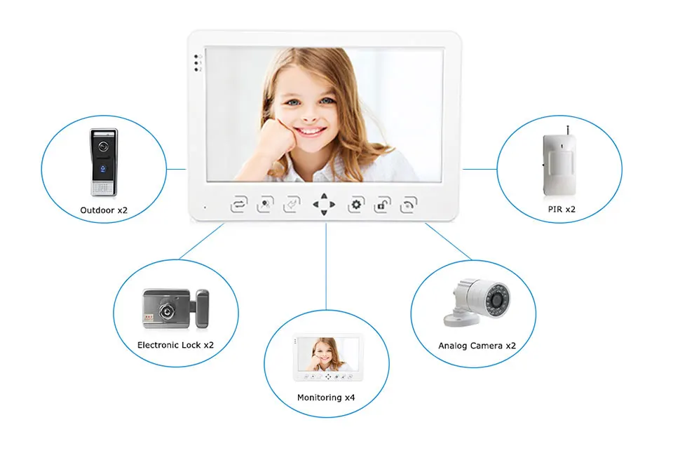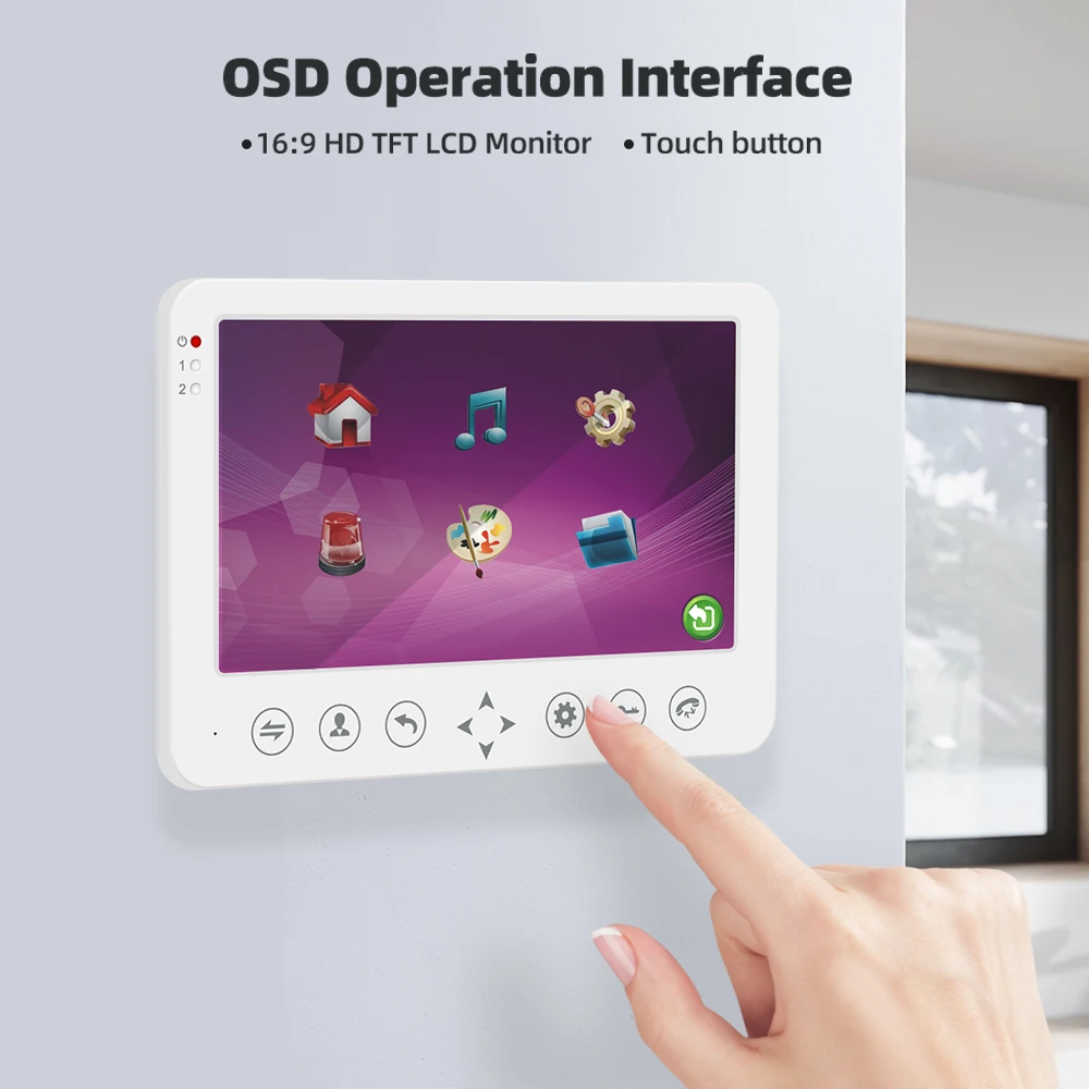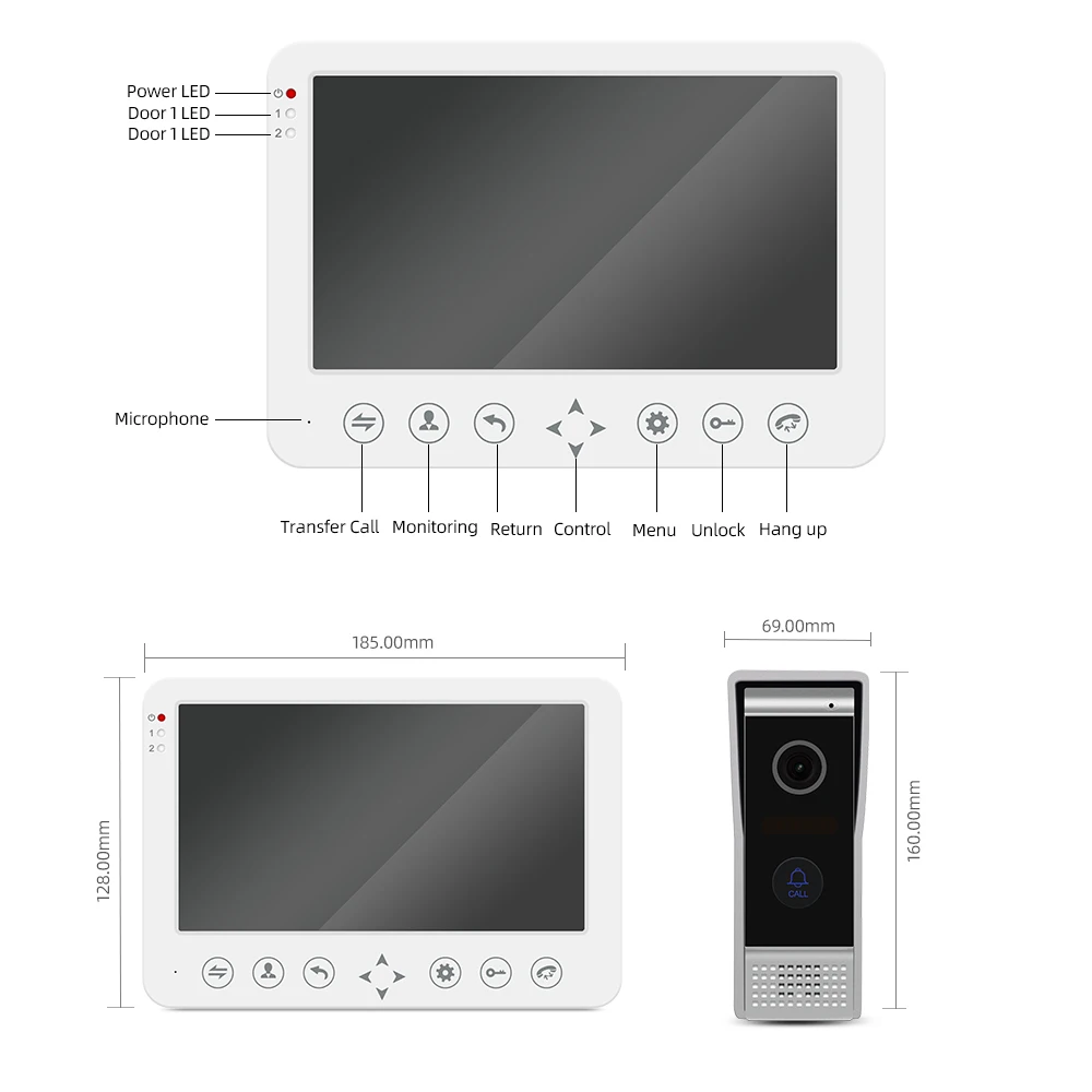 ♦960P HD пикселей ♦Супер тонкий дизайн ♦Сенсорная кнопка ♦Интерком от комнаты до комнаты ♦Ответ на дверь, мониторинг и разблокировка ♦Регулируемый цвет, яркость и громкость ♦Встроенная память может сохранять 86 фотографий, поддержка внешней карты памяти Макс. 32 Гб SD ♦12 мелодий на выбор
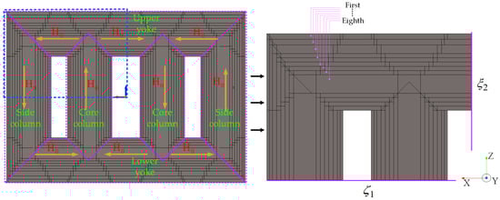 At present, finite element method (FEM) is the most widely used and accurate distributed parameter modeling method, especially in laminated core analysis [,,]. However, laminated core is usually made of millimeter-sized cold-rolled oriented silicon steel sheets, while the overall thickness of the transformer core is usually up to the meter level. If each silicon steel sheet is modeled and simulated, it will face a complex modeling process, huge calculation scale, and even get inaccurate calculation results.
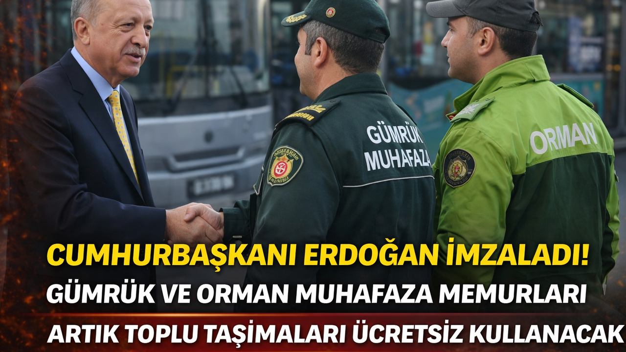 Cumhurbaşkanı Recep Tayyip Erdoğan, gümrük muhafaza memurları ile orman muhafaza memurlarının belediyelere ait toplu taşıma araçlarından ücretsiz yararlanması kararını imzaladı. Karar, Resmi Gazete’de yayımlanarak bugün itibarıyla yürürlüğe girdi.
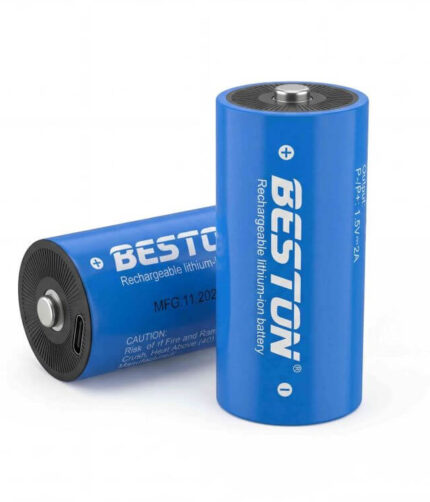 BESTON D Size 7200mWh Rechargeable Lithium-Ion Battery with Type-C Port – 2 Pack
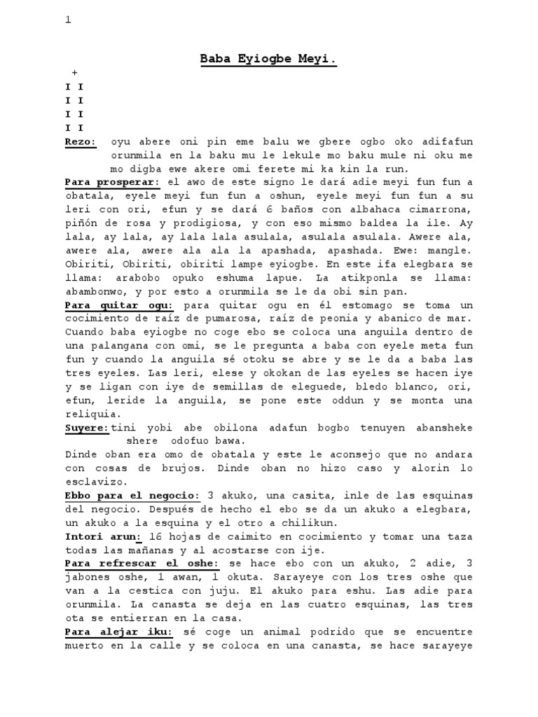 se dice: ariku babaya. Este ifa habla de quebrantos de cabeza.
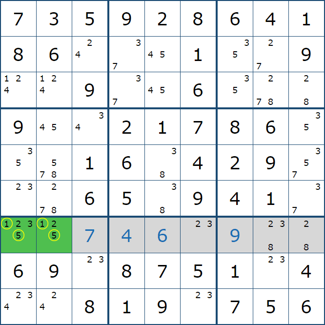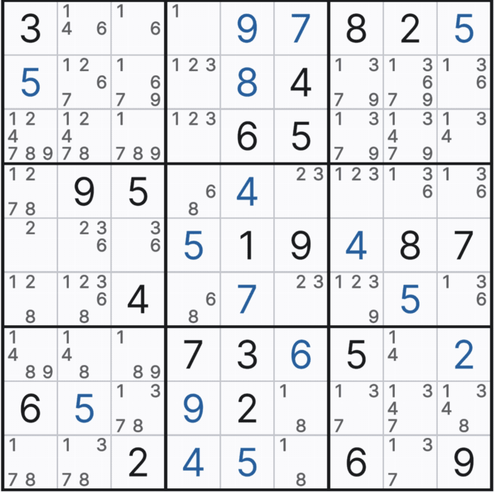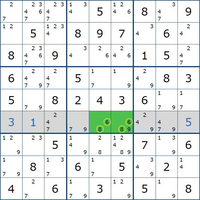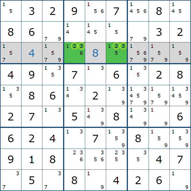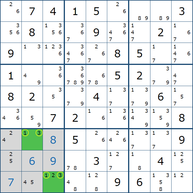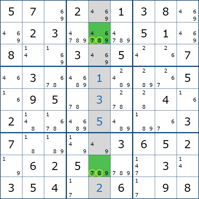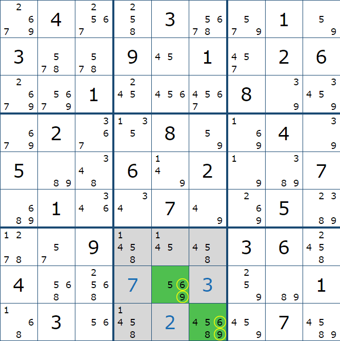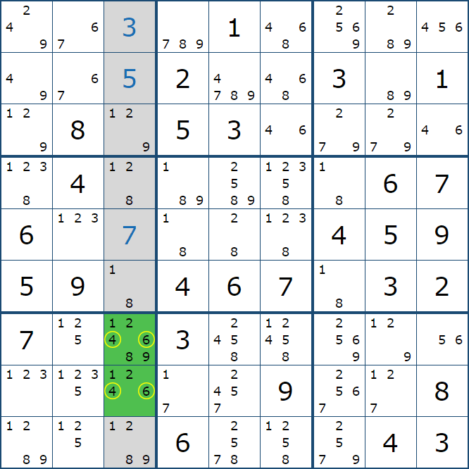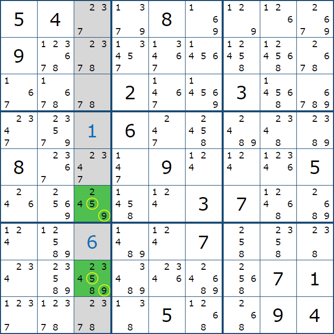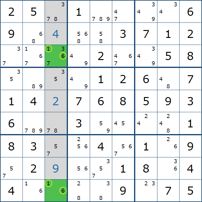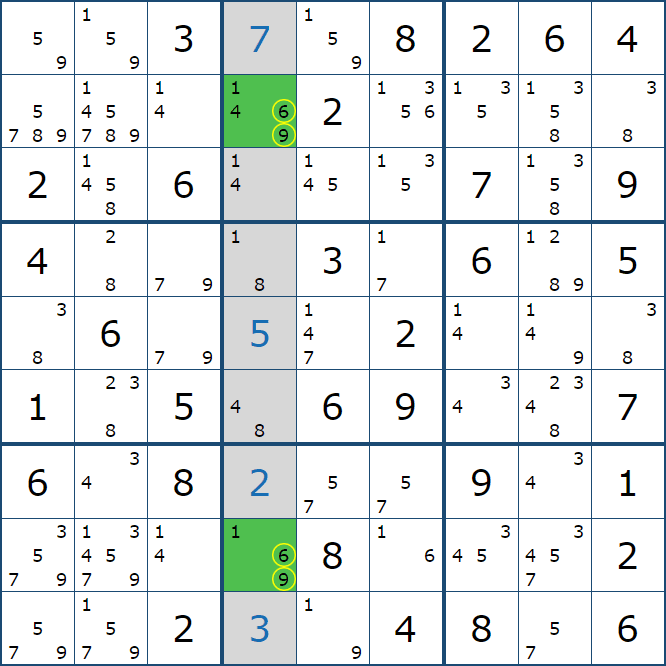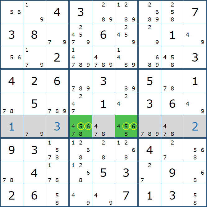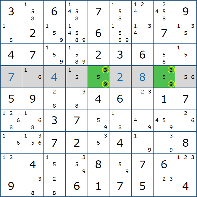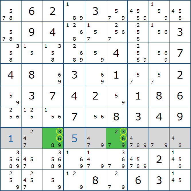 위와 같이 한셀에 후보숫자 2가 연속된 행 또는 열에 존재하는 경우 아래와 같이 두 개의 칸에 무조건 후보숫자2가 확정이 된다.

* What the task asks *
Set down each record above exactly as it stands and leave out all pictures.

* Your solution *
 ♦960P HD пикселей ♦Супер тонкий дизайн ♦Сенсорная кнопка ♦Интерком от комнаты до комнаты ♦Ответ на дверь, мониторинг и разблокировка ♦Регулируемый цвет, яркость и громкость ♦Встроенная память может сохранять 86 фотографий, поддержка внешней карты памяти Макс. 32 Гб SD ♦12 мелодий на выбор
 At present, finite element method (FEM) is the most widely used and accurate distributed parameter modeling method, especially in laminated core analysis [,,]. However, laminated core is usually made of millimeter-sized cold-rolled oriented silicon steel sheets, while the overall thickness of the transformer core is usually up to the meter level. If each silicon steel sheet is modeled and simulated, it will face a complex modeling process, huge calculation scale, and even get inaccurate calculation results.
 Cumhurbaşkanı Recep Tayyip Erdoğan, gümrük muhafaza memurları ile orman muhafaza memurlarının belediyelere ait toplu taşıma araçlarından ücretsiz yararlanması kararını imzaladı. Karar, Resmi Gazete’de yayımlanarak bugün itibarıyla yürürlüğe girdi.
 BESTON D Size 7200mWh Rechargeable Lithium-Ion Battery with Type-C Port – 2 Pack
 se dice: ariku babaya. Este ifa habla de quebrantos de cabeza.
 위와 같이 한셀에 후보숫자 2가 연속된 행 또는 열에 존재하는 경우 아래와 같이 두 개의 칸에 무조건 후보숫자2가 확정이 된다.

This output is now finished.